Builder down to earth
P. Racko
pracko at earthlink.net
Tue Aug 22 09:59:29 PDT 2000
Tuesday, August 22, 2000
www.ptconnect.com/archive/today/news/hennessy.asp
Builder down to earth
All great innovations seemed impossible at one time.
Most of our ancestors never dreamed their descendants would fly through the
air, watch events occurring half a world away, or talk to people anywhere on
earth.
And most, save for science-fiction writers, never dreamed of living and working
beneath the earth.
Mr. Underground
On the phone from Cape Cod, Mass., architect Malcolm Wells is talking about
his conversion. "It happened in the mid-1960s. It was a time of protest and the
environmental movement was just getting started. I'd done some awful
architecture. I'd paved over about 50 acres of New Jersey with warehouses and
such."
Wells found a new way to build: Dig a hole, build a structure, cover it with
earth.
Last year, Wells poured his construction formula into a 143-page, self-effacing
book called "Recovering America." In it, he touches on what he now considers
the shameful part of his architectural past.
"It had taken me years to realize that the big industrial buildings I was
designing were actually destroying land. America's land. All I saw were the big
fees and the glory. I also did offices, labs, churches, a world's fair building,
libraries, and even I blush to admit an environmental center, all of them above
ground.
"And then, even after I'd discovered that underground design offered the best
possible theme for architecture, it still took me years to see that this new/old
way onto which I'd stumbled was perhaps the only right way to build."
Wells, who lives in an underground house, suggests that instead of destroying
land for generations, just cover structures with it, then landscape overhead.
Result: more open space, less urban blight.
Local peg
Reading his book, I found myself thinking of the 911 center for which the city of
Long Beach had trouble finding a site. What if it had been built underground
and landscaped overheard? Ditto for the controversial police station in Scherer
Park. Or even the McDonald's being constructed on Spring Street almost a
golden arch's distance from yet another McDonald's.
On helicopter tours across America, Wells took myriads of photos of blight,
including some he had helped create. He put them in his book, sandwiched
between his sometimes mind-boggling visions of the Pentagon sitting on giant
pylons, a partially earth-covered Disneyland, even underground airports (with
runways above ground, of course).
"Some people, knowing of my earth-cover convictions, like to kid me about
putting airports underground, for they know that I favor that idea, too," says
Wells.
"They joke about the sizes and shapes of the slots into which the planes would
land ... They find them easier to talk about than the real issues such as the
appalling amount of land, often wetlands near rivers or bays, that airport
buildings and runways cover."
As for Disneyland, he says covering part of it with earth would allow "the desert
to bloom again after all the years it's spent buried under those vast areas of
lifeless asphalt and building materials."
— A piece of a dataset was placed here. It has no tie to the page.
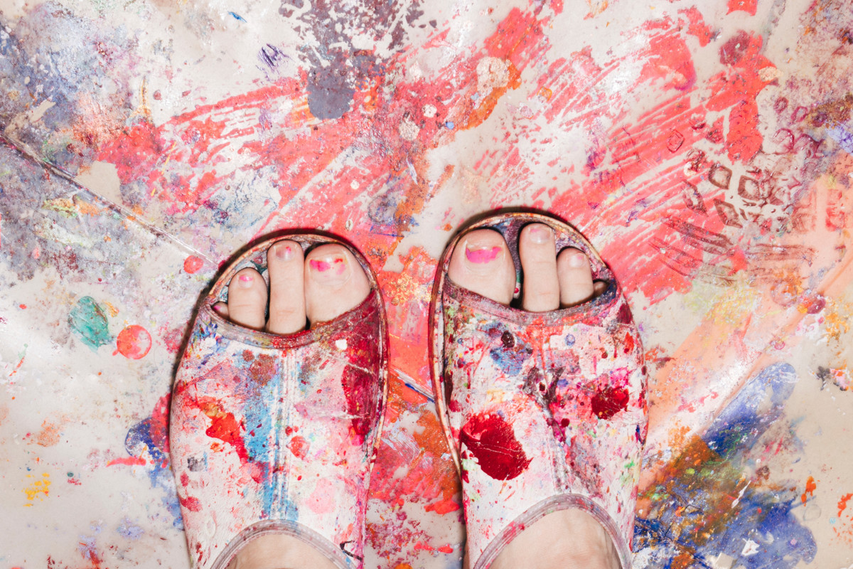 Maaria Oikarisen viime kesän kohokohta oli, kun hän järjesti nuorille maalauspajan työhuoneellaan. Helsingin kaupunki myönsi pienen summan materiaalihankintoihin, mutta muuten kyseessä oli vapaaehtoistyö. ”Haen rahoitusta, jotta voisin pitää pajoja jatkossakin”, hän sanoo.
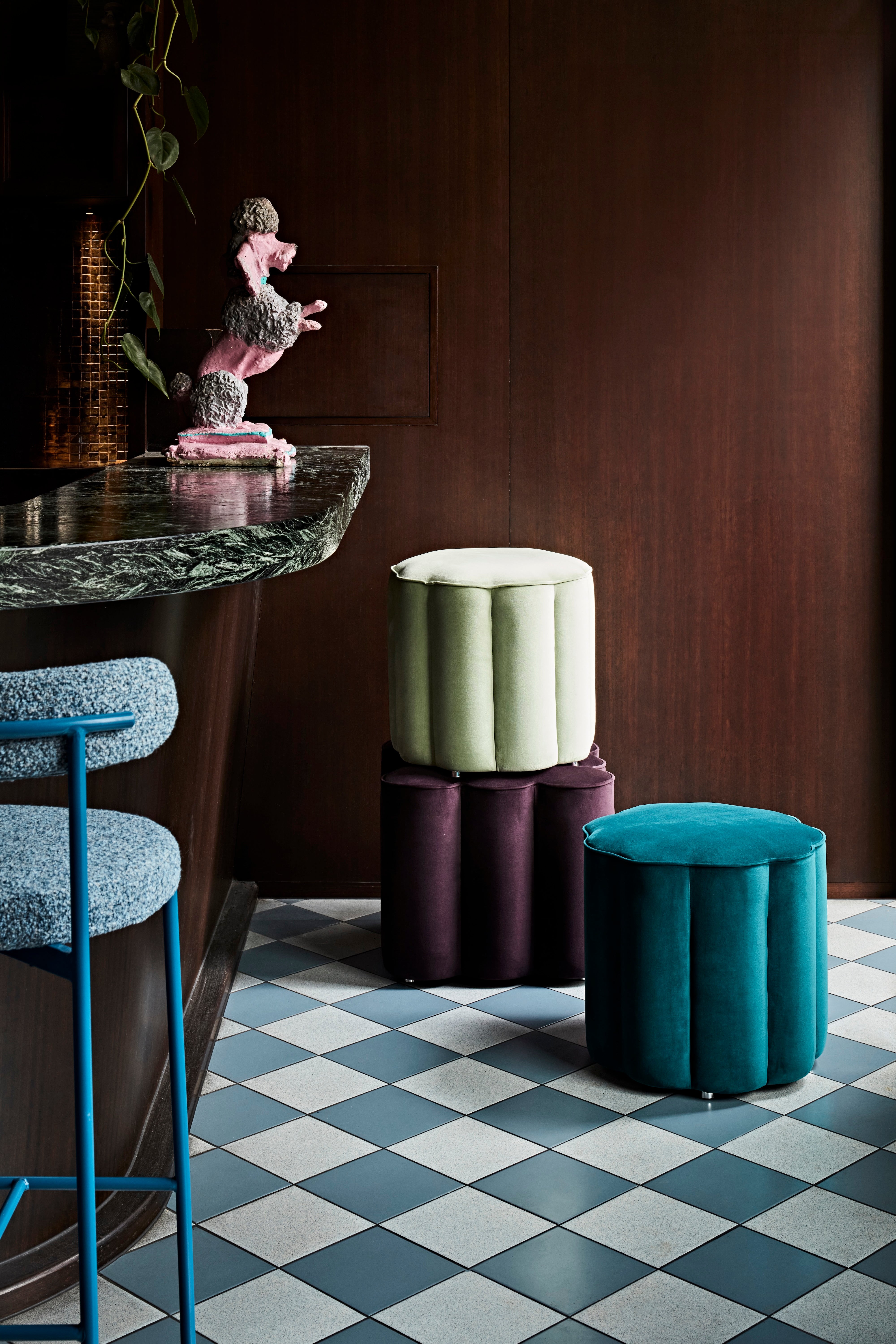 Alluring and classically re-formed, the scallop shaped Rosetta ottomans – with vertical tufting in emboldened jewel tone velvets including raspberry, midnight plum and mink brown – embody the intrigue of sophisticated living with a flourish of decadence.

What do other architects think of his ideas? Not much, guesses Wells. "A lot
of architects would smile at such arrogance. I wouldn't blame them. From
where they sit, this little pipsqueak environmental movement will go nowhere.
But I've done the killer buildings and I've done the healer buildings, and they
can speak for themselves."
His hope for his "very small movement" rests with architectural students. Wells
believes some are taking a fancy to his ideas.
"My 25 years of experience with earth-cover construction proved to me long
ago that the underground advantages are far greater than even their advocates
sometimes realize. Not only does a living roof restore a dead site to life, it
offers silence, permanence, protection from the weather, and, of course,
amazingly low heating and cooling bills. Life on the roof conserves rainwater,
too."
What about earthquakes? "It's possible that earthquakes can damage
underground buildings," Wells admits. "Earthquakes can damage whole
continents. But I've yet to hear of such damage to earth-covered structures."
"Recovering America" is a charming, relatively inexpensive, and maybe even
revolutionary book. You can get it by writing Malcolm Wells, 673 Satucket
Road, Brewster, MA 02631. The $7 cost for the hardcover book includes
postage.
Tom Hennessy's viewpoint appears Sunday, Tuesday, Thursday and Friday.